Zierlein also noted that Green's "ability to win with his legs on called runs or pocket breaks pushes his value beyond his passing profile."
There is a follow-up to that everyone in the NFL uses. "His ceiling will only track with his growth as a passer," the report said.
That last line is the whole ball game right there. Green's floor is an athletic backup who extends plays and gives a defense something different to think about.
His ceiling depends entirely on whether he can become a reliable decision-maker in a real NFL offense.
The passing mechanics and pocket processing that need work aren't going to magically improve — they require coaching, repetitions and time.

That's where Mike McCarthy's background becomes relevant.
The new Pittsburgh coach has spent the better part of two decades developing quarterbacks, including over a decade alongside Rodgers in Green Bay.
If there's a staff in the league capable of taking a raw, turover-prone dual-threat passer and building him into something more reliable, McCarthy's is a reasonable candidate.
Green was projected by Zierlein to be selected somewhere in the Round 4-5 range.
At that price, the risk is manageable. You're not betting your franchise on a player with a checkered turnover history.
You're making a calculated Day 3 investment in upside, with eyes wide open about what he still needs to develop.
Pittsburgh wasn't the only organization that liked what it saw. Pelissero noted Green had previously visited Baltimore and Dallas, with several additional teams scheduling private workouts.
The Ravens looked at him. The Cowboys looked at him. Those aren't organizations that waste pre-draft resources on players they don't believe in.

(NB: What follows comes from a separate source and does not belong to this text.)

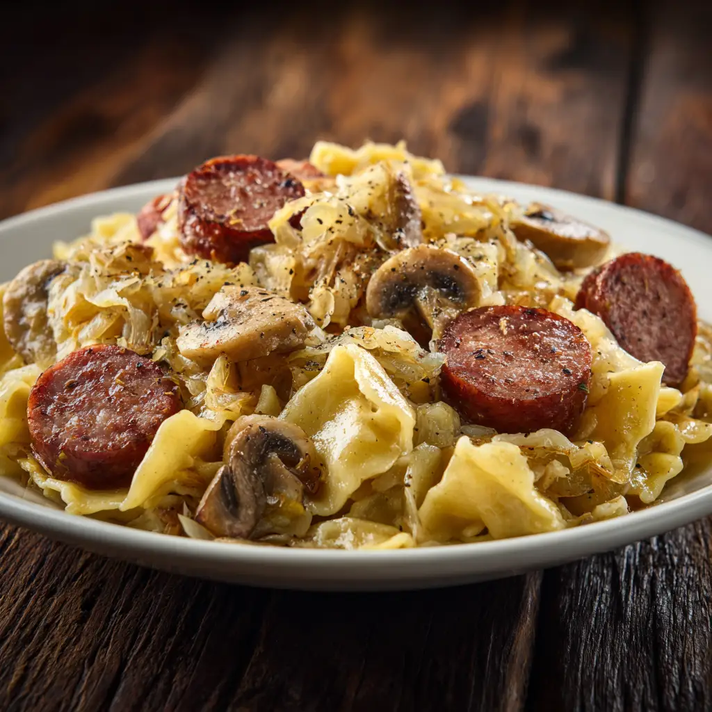 - Return the cooked bacon and kielbasa to the skillet. Add the cooked and drained pasta. Stir everything together gently until well combined and heated through. Taste and adjust seasoning with more salt and pepper if needed. Serve hot, garnished with fresh dill or parsley if desired.

Green started at Arkansas for two seasons after three years at Boise State and earned Mountain West Freshman of the Year honors in 2022 along with Frisco Bowl MVP recognition that same year.
He added Liberty Bowl MVP honors in 2024. This isn't a prospect who's been hiding. He's competed, he's produced and he's earned postseason hardware while doing it.
Pittsburgh GM Omar Khan already used a sixth-round pick on Will Howard in the 2025 draft, though Howard's role in the offense has yet to be clearly defined.
Adding Green wouldn't replace that move, but would create real competition in a quarterback room that's been operating without nearly enough of it.

The Steelers need an answer at quarterback. They've needed one for a long time now.
Green isn't that answer today and anyone telling you he is isn't being straight with you.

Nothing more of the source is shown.